At its Red Hat Summit conference today, Red Hat unveiled its Red Hat Developer Hub, a developer portal that provides access to an opinionated set of development tools based on the open source Backstage project.
The portal pulls together a set of curated tools and resources so that developers encounter less friction and avoid the complexity of numerous optional tools that span disparate vendors. The goal is to increase developer productivity while reducing the volume of optional tools and information that must be sifted through to actually deliver production code.
Red Hat Developer Hub aims to streamline the development process and allow organizations to maximize existing resources and developer skills while reducing sprawl, said Chris Wright, CTO and SVP for global engineering at Red Hat. This will help organizations maintain application development velocity and drive a consistent user experience for developers based on tools and skills they’re already familiar with, Wright told attendees.
Rather than building and maintaining their own internal developer portal, Red Hat is making a case for using Developer Hub to deliver a platform approach to addressing the complexity and sprawl DevOps teams face. Red Hat Developer Hub is, in essence, an opinionated and optimized version of Backstage that aims to deliver improved developer experiences across environments, including Kubernetes and container application platforms such as Red Hat OpenShift.

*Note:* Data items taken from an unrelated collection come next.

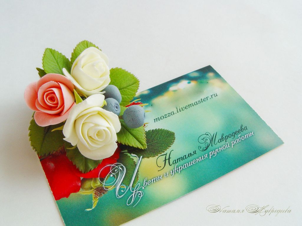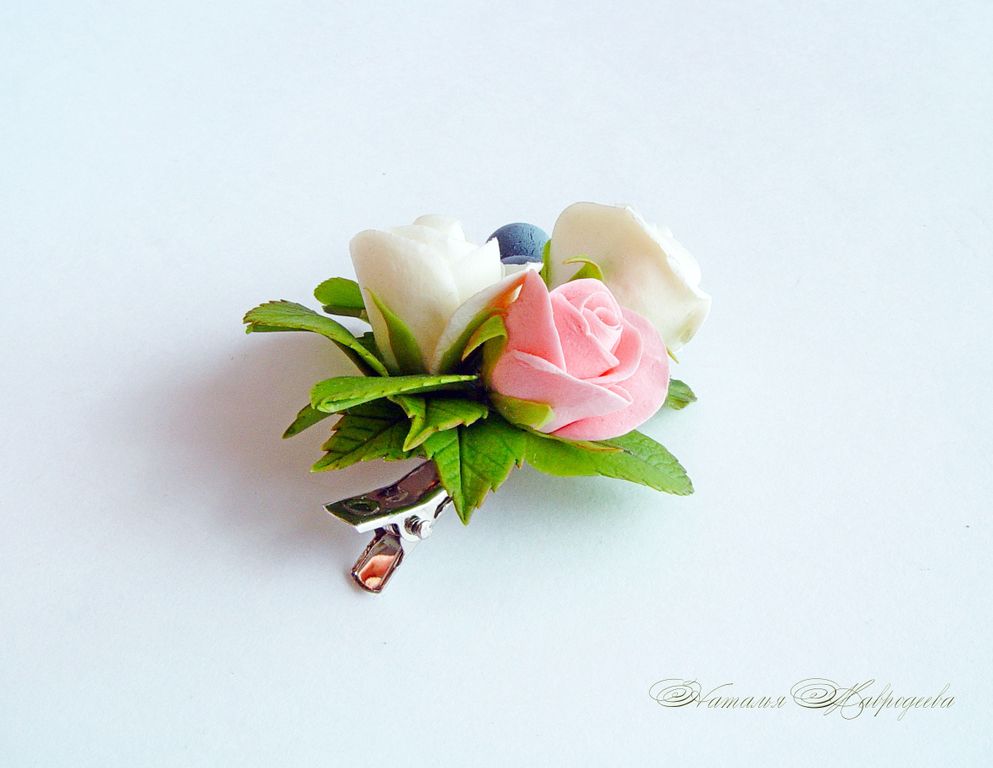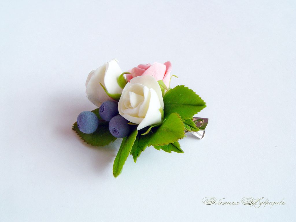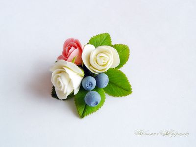 "Розочки с голубикой" вылеплены из двух видов полимерной глины и тонированы красками полностью вручную лепесток за лепестком.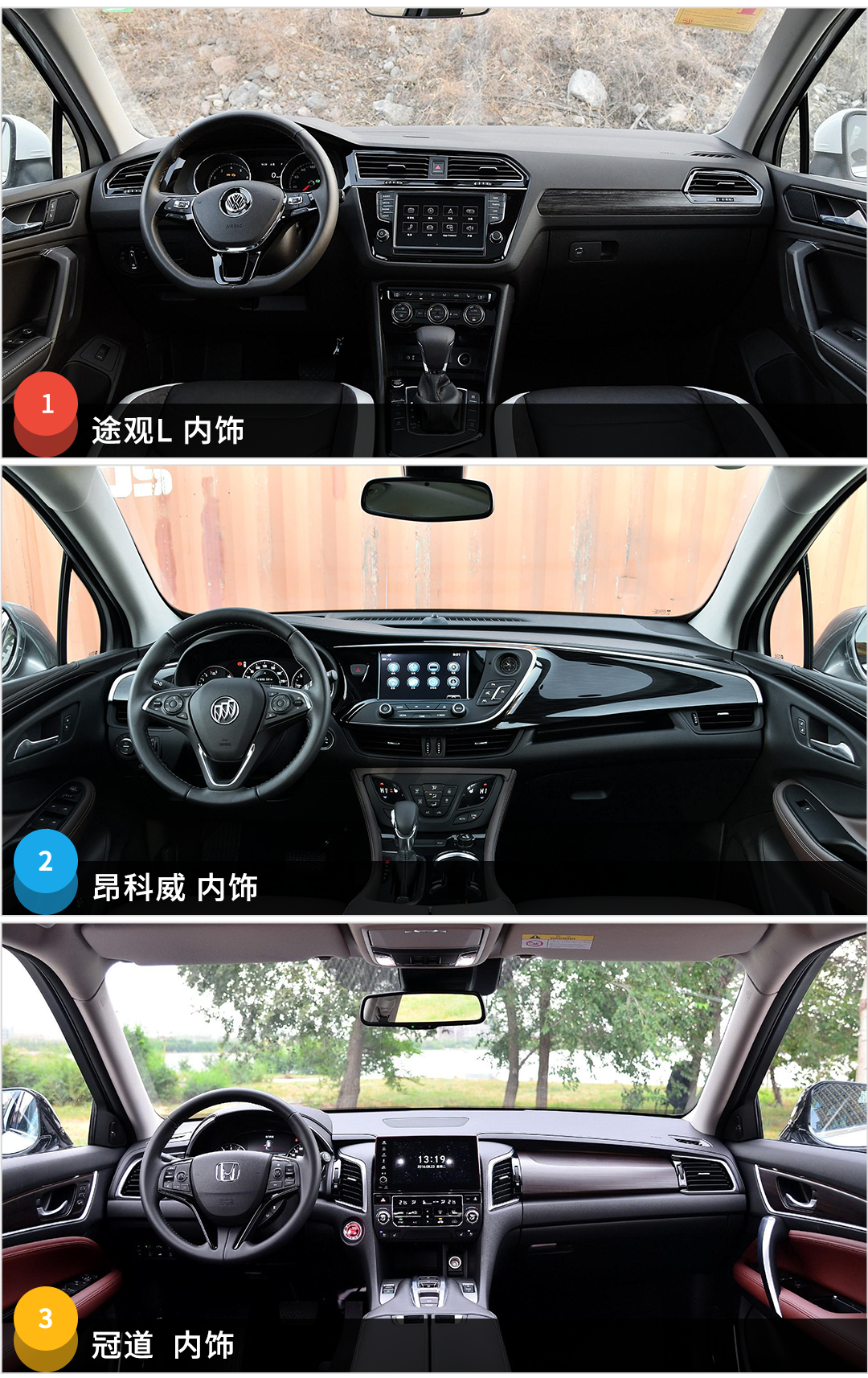 三辆车的内饰各有特色,大众途观L延续了大众一贯的那种直线条设计,做工一如既往地紧致。而昂科威的内饰设计有很大变化,布局整体偏向驾驶座那边,环抱式车厢以及部分曲面设计让这内饰很雅致。至于冠道的内饰嘛,相对来说是三辆车当中设计感最年轻的,层次感特别好。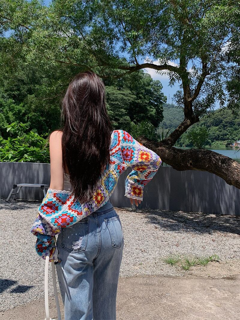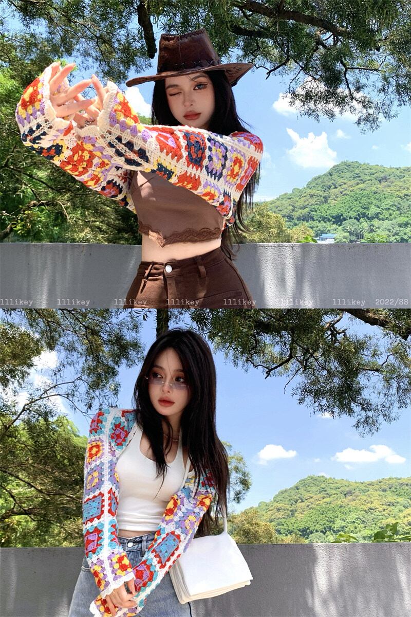 INS 夏新作 透かし彫り 日焼け止め韓国ファッション 長袖 ニット生地 カーディガン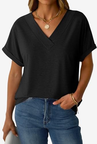 • FEATURES: Featuring unique v neck design is eye-catching and make you look more beautiful and elegant. Short sleeve shirt, casual t shirts, basic solid color tees, summer tops.This v neck tops allows you to stand out and showcase your a feeling of appearing younger and slimmer.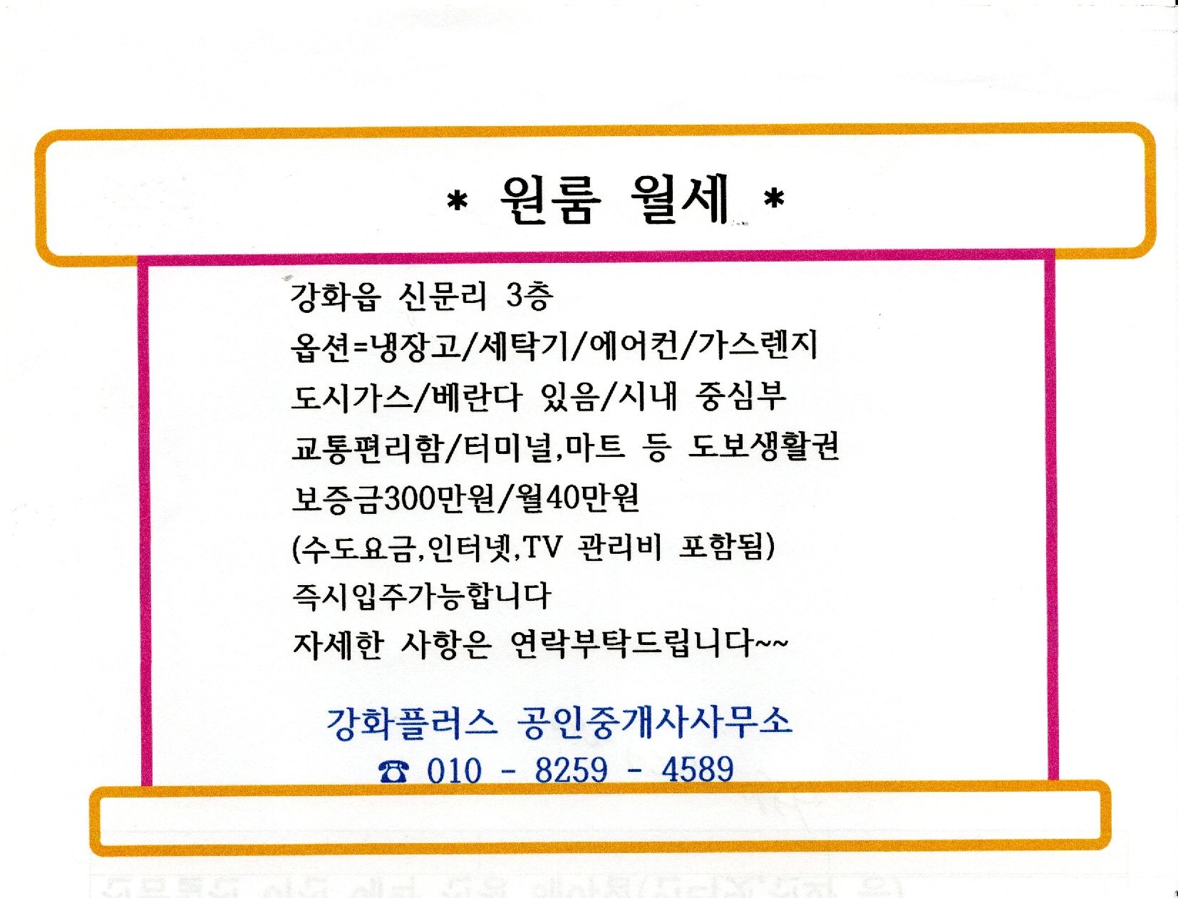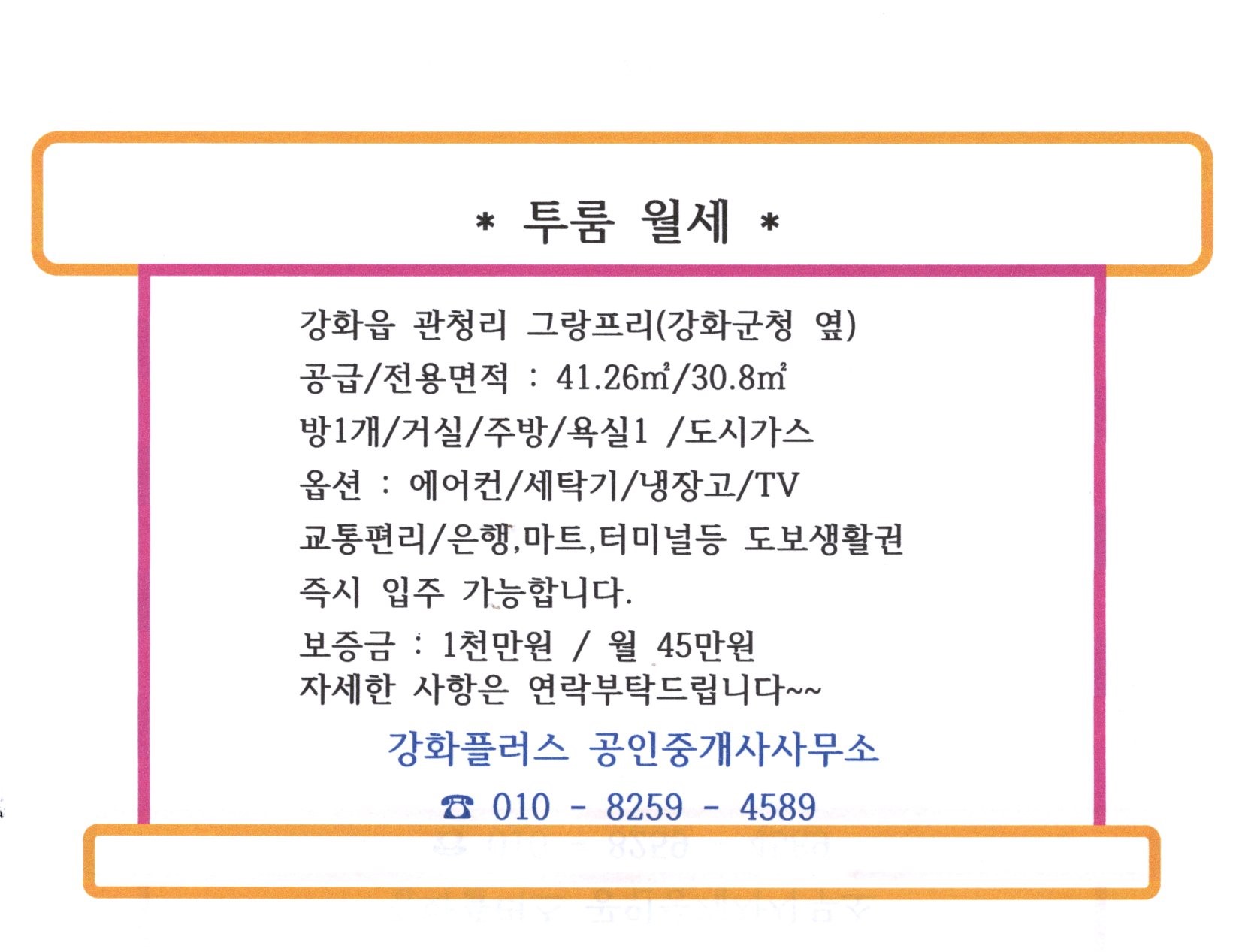 *그랑프리 투룸 월세 (보증금1천만원/월45만원/강화읍 관청리/ 강화군청옆/즉시입주가능)/원룸 월세(강화읍 신문리)**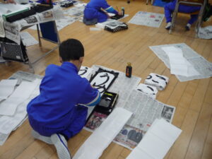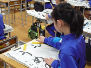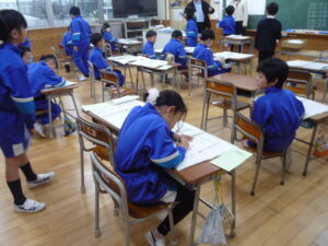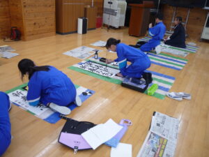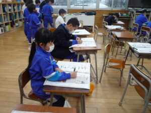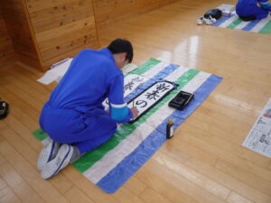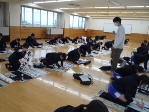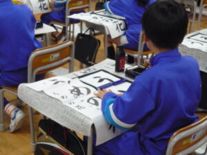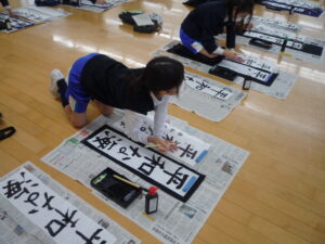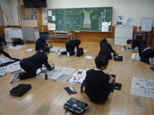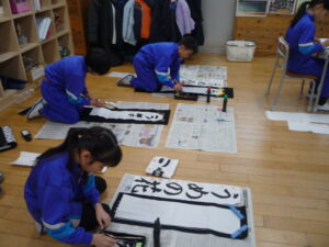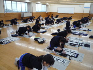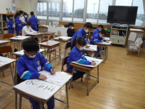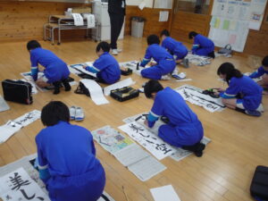 6年生「新春の志」小学校生活最後の書き初め大会。心をこめて、丁寧に書き上げました。
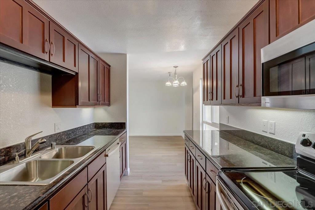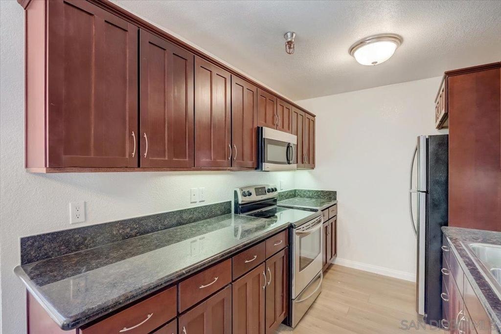 Best location in the complex! Top Floor with e-z elevator access, overlooking park, in gated complex with community pool/spa/rec room and large front patio area and balcony. Balcony overlooks Colina Park Golf Course and Tennis Center with views of city lights. Close to SDSU, Talmadge, shopping and restaurants. Freshly painted w/brand new vinyl plank floors throughout. Washer/Dryer in unit. Stainless appliances, granite countertops, oversized closet & pantry. Quick freeway access. Great income property potential! Pets ok w/restrictions. 1 uncovered parking space. PROBATE listing.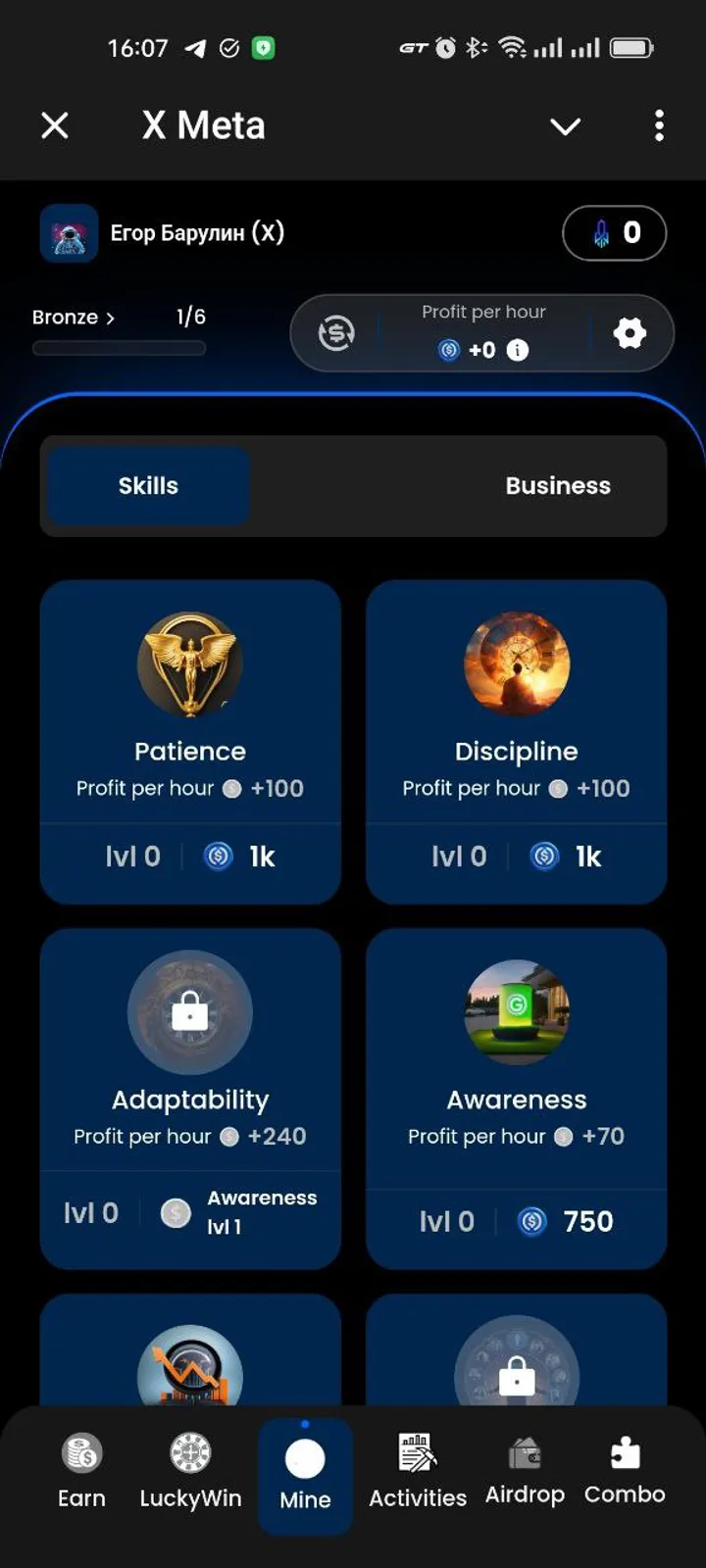 Ko‘nikmalar tizimi Sabr, Intizom va Hushyorlik kabi variantlarni o‘z ichiga oladi va ularning har biri soatiga yaratiladigan META miqdorini oshirishni va’da qiladi. Bu yangilanishlar o‘yin ichidagi valyutani talab qiladi, bu esa yuqoriroq daromad stavkalarini ochish uchun doimiy bosish va “grind” qilishga undaydi.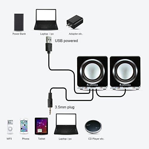 EXCEPTIONAL PERFORMANCE- The SP-106 laptop speakers deliver powerful sound for your PC, Echo Dot, monitor, smartphone. With ARVICKA USB powered computer speakers you can not only get clear audio but also high and low sound all easy access. The sounds fill the room better with ARVICKA USB speakers. The volume can go pretty high which good for cinephiles and misic lovers.

Developer Hub will offer a single pane of glass to view all available developer tools and resources, developer self-service capabilities and security and compliance guardrails for cloud-native application development that comply with enterprise-wide best practices, according to the company.
Additionally, Red Hat Developer Hub includes a set of ‘golden path’ templates—pre-defined, pre-architected and supported templates for further accelerating application development.
The developer hub is based on the Cloud Native Computing Foundation (CNCF) incubating open source project Backstage, originally developed by Spotify and donated to the CNCF in 2020. Backstage is now being advanced by contributions from multiple vendors, including Red Hat.
Backstage has been gaining traction in cloud-native application environments that are especially challenging to develop using multiple tools. There’s a lot more focus on developer productivity, which Backstage addresses by creating a catalog of blueprints that developers can readily consume rather than requiring them to build these capabilities themselves multiple times over. The goal is to create scaffolds that developers can consistently reuse across multiple application development projects.
Red Hat has also developed Red Hat Plug-ins for Backstage, a bundle of six plug-ins that integrate various key systems into Backstage, helping to extend the project’s functionality, ensure a consistent user experience and improve workflow efficiency. The plugins can be used across all Backstage installations, providing even more flexibility for developers across platforms and Kubernetes distributions and include:
- Application Topology for Kubernetes, which enables developers to visualize real-time status of application and infrastructure workloads deployed to any Kubernetes target, including Red Hat OpenShift, with greater consistency.
- Multi-Cluster View with Open Cluster Manager (OCM), which provides a view into clusters from Open Cluster Manager’s MultiClusterHub and MultiCluster Engine in Backstage.
- Container Image Registry for Quay, which improves the integration and speed of interactions with Quay registries by providing a view into container image details. This includes security vulnerabilities (CVEs) associated with deployed images.
- Pipelines with Tekton, which gives users a view into the details of all Tekton pipeline runs and their respective statuses across all services.
- Authentication and Authorization with Keycloak, which enables platform engineers to load users and groups from Keycloak into Backstage, allowing the use of multiple authentication providers to be applied to Backstage entities.
- GitOps with Argo CD, which helps track the health and status of the Argo CD status for services within Backstage.
Red Hat said additional plugins are in the works. Red Hat Developer Hub will be generally available later this year, but Red Hat is offering a ‘test drive’ through the upstream IDP project Janus.